[Records from a data collection]
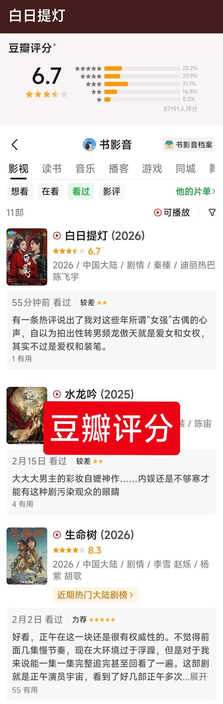 白日提灯豆瓣6.7,评论人数87171人。其中打差评的用户不仅评论了《白日提灯》,还差评了罗云熙的《水龙吟》,然后怒赞杨紫《生命树》是正午阳光的演员宇宙。
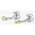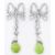 A pair of 18ct white gold, diamond and peridot drop earrings. The studs in the form of bows set throughout with diamonds, with round cut diamonds set to chains below culminating in faceted peridot drops. Unmarked, tests indicate 18ct gold. Measures 4cm. Diamonds measure 2.7mm diameter. Weight 7.4.
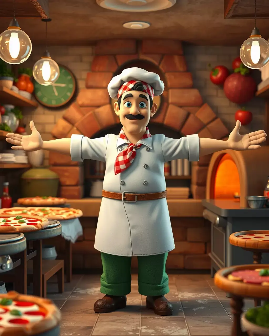 Introducing the Charming Italian Chef model pack, a delightful 3D character model perfect for enriching your culinary or restaurant-themed projects. The chef is depicted with a classic white outfit, complete with a checkered scarf and hat, embodying the traditional Italian pizzeria ambiance. This model is excellent for animations, advertisements, or educational purposes where a warm and welcoming chef is needed.
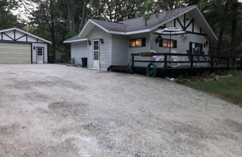 Year Round Fun in this Beautiful Up North Cottage getaway that sits on a huge Corner lot with 3 nicely wooded lots for added privacy or perhaps added guest that bring their tents. Large driveway, so bring your ATV or Water toys to park them close to home or in our garage. There is a wrap around deck perfect for morning coffee, bird watching or just enjoying the fresh air. There are also 2 fire pits located on the property one small and one large fire pit for more of your guest to gather and enjoy. We have 6 adult bikes and 1 child bike for your use to enjoy the small town of Lewiston. This 2 bedroom, (1-Room with Queen Bed and the 2nd with a King bed) 1 bath cottage has an additional 3rd room located off the queen with 2 twin beds. The cottage is equipped with all the necessities of home, to include Washer & Dryer, Microwave, Dishwasher, Stocked Kitchen, Linens, Grill, TV in each room, Wifi, Cable, Horse Shoes, Corn Hole, bottle bash, Kan jam, and lots of board games and cards. Enjoy all that Northern Michigan has to offer with plenty of Hiking, Fishing and boating in the area. The Beach (East Twin Lake) is less than 4 mins from the home located off of Kneeland Street. There is also a small drop in at the end of our street used for jet skis, kayaks & canoes. Garland Gulf Resort is less than 7 minutes away, TreeTops Ski and Extreme snow Tubbing is 20 minutes away. Twin Lakes Marina is less than 3 min from the home where you can enjoy your day by renting a pontoon boat, paddle board or kayaks for the entire day at a great price. Lots of ATV, Snow mobile, and biking trails for you to explore. There is also a small town in Lewiston, here you will find a grocery store, banks, gas stations, bait, restaurants, Ice cream shops, and a couple antique shops.
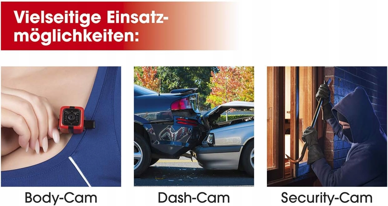- Багаті аксесуари дозволяють використовувати багато програм: завдяки кліпсі бездротову міні-відеокамеру EASYmaxx можна носити прямо на собі одягу, наприклад під час занять спортом, а настінне кріплення перетворює його на камеру спостереження вдома та як «реєстратор» у автомобілі
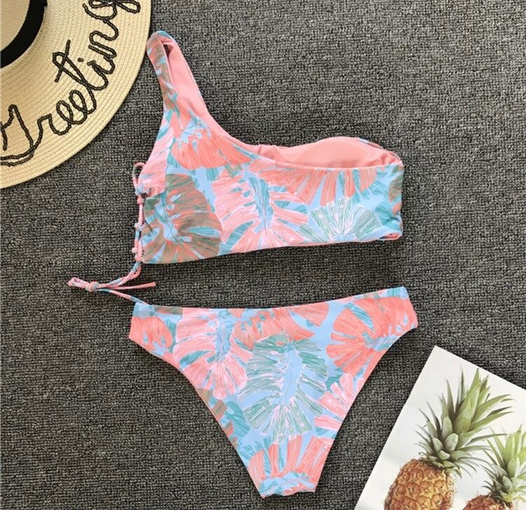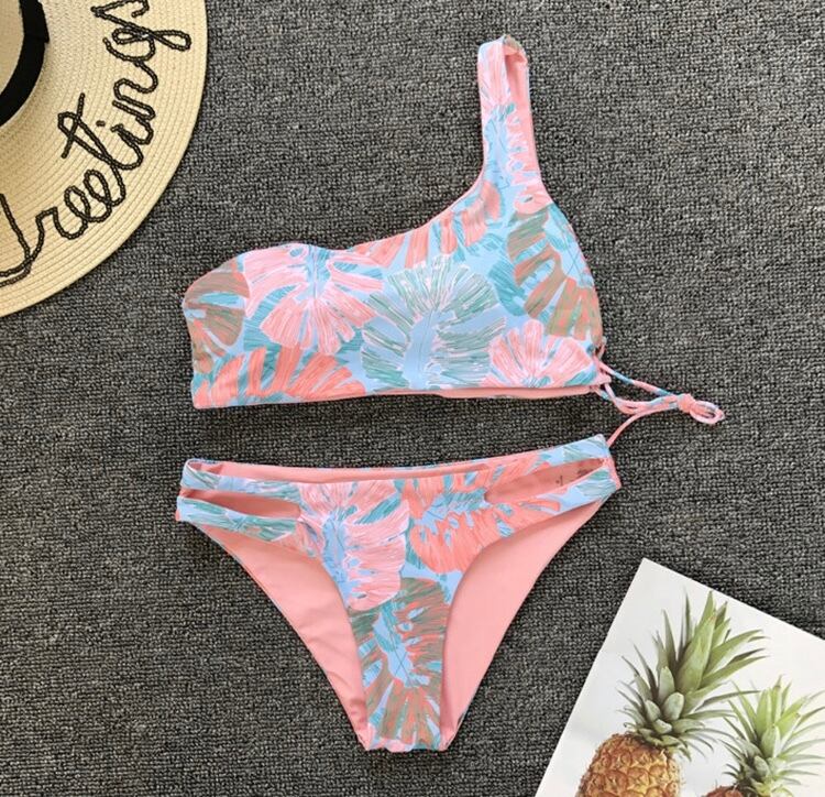 サイド編み上げボタニカル柄ワンショルダービキニ♪
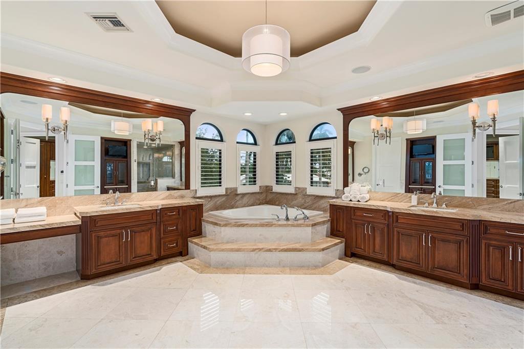 Impeccable estate w/100'of water frontage, 100 amp, 50 amp & 30 amp power on dock. Luxurious master suite w/huge waterfront balcony. Media room, control for smart home system, speaker system throughout house. Limestone floors, elevator, up & downstairs laundry rooms. Saline system pool, outdoor kitchen w/2 fridges, cabana bath. Full house generator, double the fuel capacity. Whole house propane gas. Furniture & electronics, including TVs, not included in asking price everything as seen available.
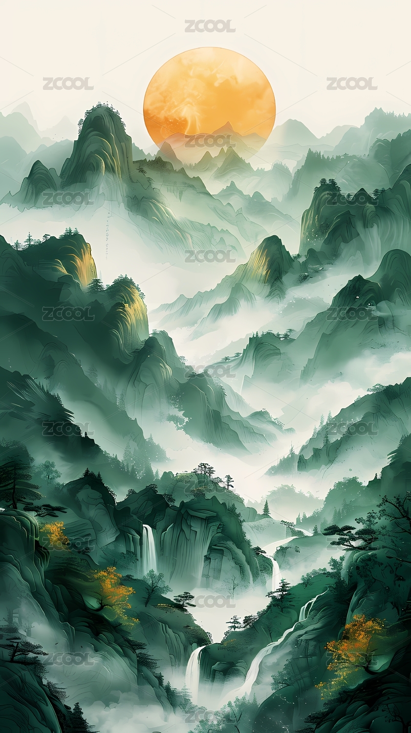 水墨青绿山水意境图
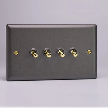 Revive 4 Gang 2 Way Toggle Switch – Slate Grey/Brass
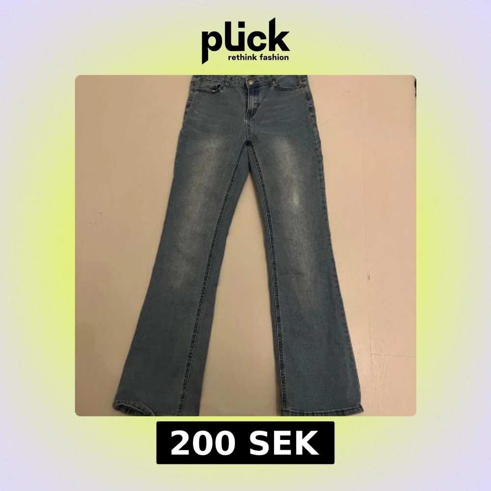 Säljer ett par klassiska blå jeans från UNIQ. De har en bootcut-stil och är tillverkade i denim. Perfekta för en avslappnad look. Med resår i midjan. Dem är low- mid weist. Pris går att diskutera!
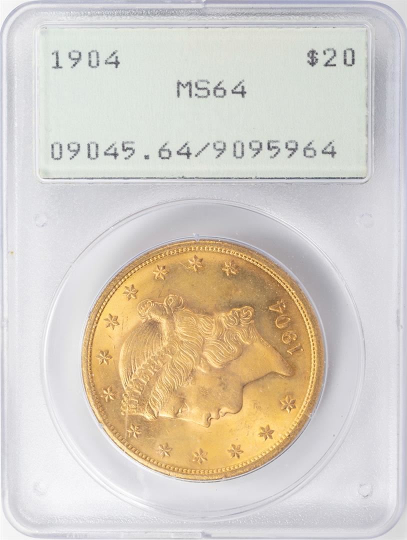 One 1904 $20 Liberty Head Double Eagle Gold Coin PCGS MS64 Old Green Rattler. PCGS Graded.

* **ASSIGNMENT**
Copy the records exactly as they appear, leaving every picture out.

* **SOLVED EXERCISE**
 白日提灯豆瓣6.7,评论人数87171人。其中打差评的用户不仅评论了《白日提灯》,还差评了罗云熙的《水龙吟》,然后怒赞杨紫《生命树》是正午阳光的演员宇宙。
 A pair of 18ct white gold, diamond and peridot drop earrings. The studs in the form of bows set throughout with diamonds, with round cut diamonds set to chains below culminating in faceted peridot drops. Unmarked, tests indicate 18ct gold. Measures 4cm. Diamonds measure 2.7mm diameter. Weight 7.4.
 Introducing the Charming Italian Chef model pack, a delightful 3D character model perfect for enriching your culinary or restaurant-themed projects. The chef is depicted with a classic white outfit, complete with a checkered scarf and hat, embodying the traditional Italian pizzeria ambiance. This model is excellent for animations, advertisements, or educational purposes where a warm and welcoming chef is needed.
 Year Round Fun in this Beautiful Up North Cottage getaway that sits on a huge Corner lot with 3 nicely wooded lots for added privacy or perhaps added guest that bring their tents. Large driveway, so bring your ATV or Water toys to park them close to home or in our garage. There is a wrap around deck perfect for morning coffee, bird watching or just enjoying the fresh air. There are also 2 fire pits located on the property one small and one large fire pit for more of your guest to gather and enjoy. We have 6 adult bikes and 1 child bike for your use to enjoy the small town of Lewiston. This 2 bedroom, (1-Room with Queen Bed and the 2nd with a King bed) 1 bath cottage has an additional 3rd room located off the queen with 2 twin beds. The cottage is equipped with all the necessities of home, to include Washer & Dryer, Microwave, Dishwasher, Stocked Kitchen, Linens, Grill, TV in each room, Wifi, Cable, Horse Shoes, Corn Hole, bottle bash, Kan jam, and lots of board games and cards. Enjoy all that Northern Michigan has to offer with plenty of Hiking, Fishing and boating in the area. The Beach (East Twin Lake) is less than 4 mins from the home located off of Kneeland Street. There is also a small drop in at the end of our street used for jet skis, kayaks & canoes. Garland Gulf Resort is less than 7 minutes away, TreeTops Ski and Extreme snow Tubbing is 20 minutes away. Twin Lakes Marina is less than 3 min from the home where you can enjoy your day by renting a pontoon boat, paddle board or kayaks for the entire day at a great price. Lots of ATV, Snow mobile, and biking trails for you to explore. There is also a small town in Lewiston, here you will find a grocery store, banks, gas stations, bait, restaurants, Ice cream shops, and a couple antique shops.
- Багаті аксесуари дозволяють використовувати багато програм: завдяки кліпсі бездротову міні-відеокамеру EASYmaxx можна носити прямо на собі одягу, наприклад під час занять спортом, а настінне кріплення перетворює його на камеру спостереження вдома та як «реєстратор» у автомобілі
 サイド編み上げボタニカル柄ワンショルダービキニ♪
 Impeccable estate w/100'of water frontage, 100 amp, 50 amp & 30 amp power on dock. Luxurious master suite w/huge waterfront balcony. Media room, control for smart home system, speaker system throughout house. Limestone floors, elevator, up & downstairs laundry rooms. Saline system pool, outdoor kitchen w/2 fridges, cabana bath. Full house generator, double the fuel capacity. Whole house propane gas. Furniture & electronics, including TVs, not included in asking price everything as seen available.
 水墨青绿山水意境图
 Revive 4 Gang 2 Way Toggle Switch – Slate Grey/Brass
 Säljer ett par klassiska blå jeans från UNIQ. De har en bootcut-stil och är tillverkade i denim. Perfekta för en avslappnad look. Med resår i midjan. Dem är low- mid weist. Pris går att diskutera!
 One 1904 $20 Liberty Head Double Eagle Gold Coin PCGS MS64 Old Green Rattler. PCGS Graded.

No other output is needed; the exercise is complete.